Metadata-Version: 2.1
Name: widgets-lib
Version: 1.2.1
Summary: Merging code and data in webpages
Author-email: Samuel Minot <sminot@fredhutch.org>
Project-URL: Homepage, https://github.com/FredHutch/widgets
Project-URL: Bug Tracker, https://github.com/FredHutch/widgets/issues
Classifier: Programming Language :: Python :: 3
Classifier: License :: OSI Approved :: MIT License
Classifier: Operating System :: OS Independent
Requires-Python: >=3.7
Description-Content-Type: text/markdown
License-File: LICENSE

# widgets
Merging code and data in webpages

[![Build Python package](https://github.com/FredHutch/widgets/actions/workflows/package.yaml/badge.svg)](https://github.com/FredHutch/widgets/actions/workflows/package.yaml)

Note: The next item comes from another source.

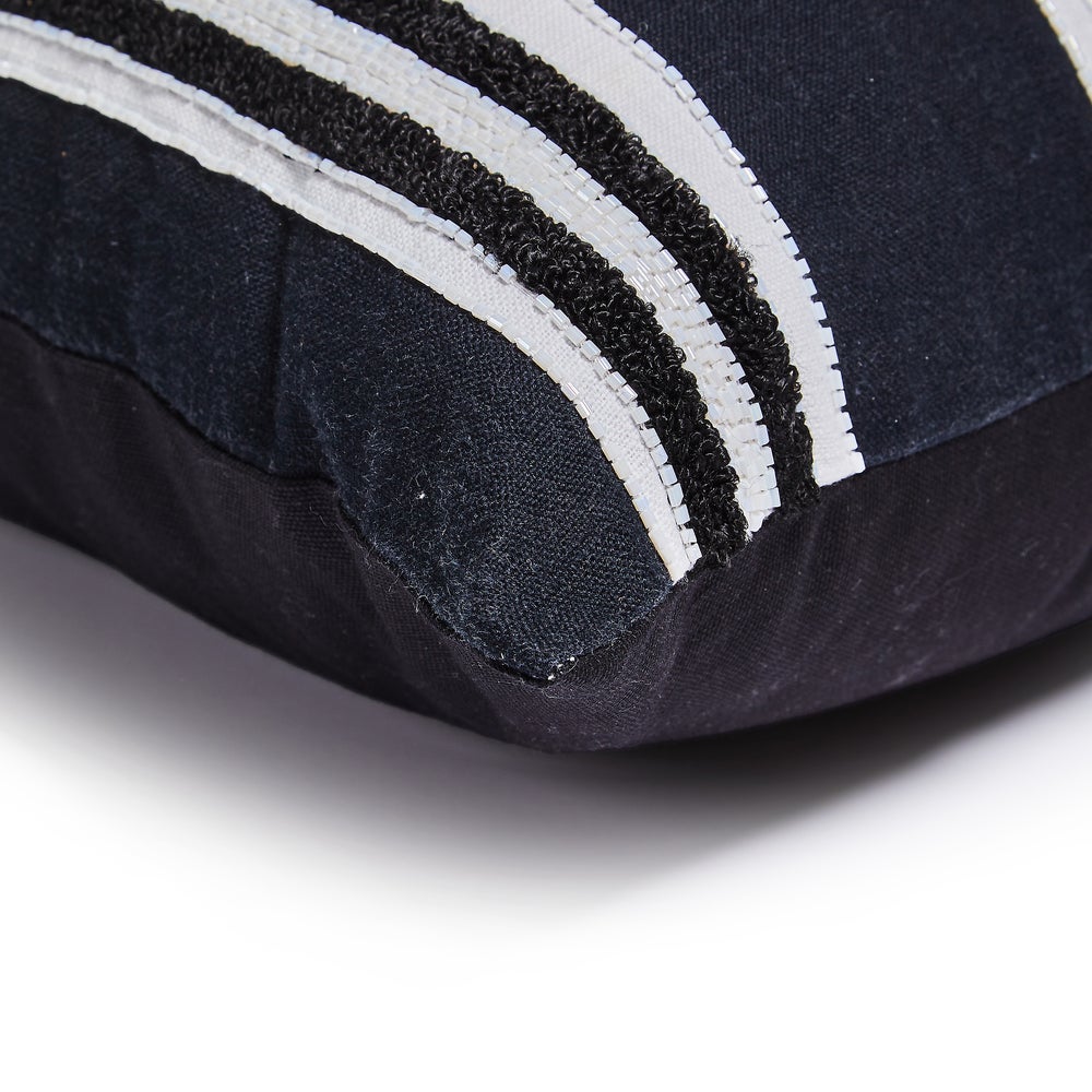 Put your stamp on style with this monogram throw pillow. The black and white letter is digitally printed and then embellished with beading and chenille embroidery. It’s trimmed with black piping.

[![Test Coverage](https://github.com/FredHutch/widgets/actions/workflows/lint.yaml/badge.svg)](https://github.com/FredHutch/widgets/actions/workflows/lint.yaml)

## Purpose

While the technical skills required for visualizing data have become vastly more
accessible in recent years, there are still a large number of people who would like
to be able to easily visualize their data without the need for writing any code
whatsoever.

To provide a no-code data visualization experience, we introduce "widgets" - a
flexible framework for merging data and code into a single standalone file which
can be rendered by a modern web browser into a wide array of data visualizations.

## How Widgets Work

Let's say that you're using a widget which is used to make volcano plots (a
commonly-used way to show which genes are expressed differently in two groups
of samples, for example).
When you open the widget, it loads directly in your web browser.
You don't need to install anything on your computer in order to open it.
The volcano plot widget needs a table of data to display, which you can upload
as a CSV or Excel spreadsheet.
Once you've uploaded your data and customized your plot, you can now download
a new copy of that widget _which has your data embedded in it_.
That new version of the widget will be an HTML file, which means that it can
be opened in a web browser.
When you open up that copy of the widget, your data will load directly and be
displayed in the same way as when you downloaded the copy.
Another way of thinking about widgets is that they are a way of taking your data
and embedding them directly into a customized visualization which can be opened
on any computer.

## How to Make a New Widget

To create your own widget, simply make a Python script which defines the
behavior of the widget, including the data provided by users, the Python
packages that it requires, and the visualization which will be displayed.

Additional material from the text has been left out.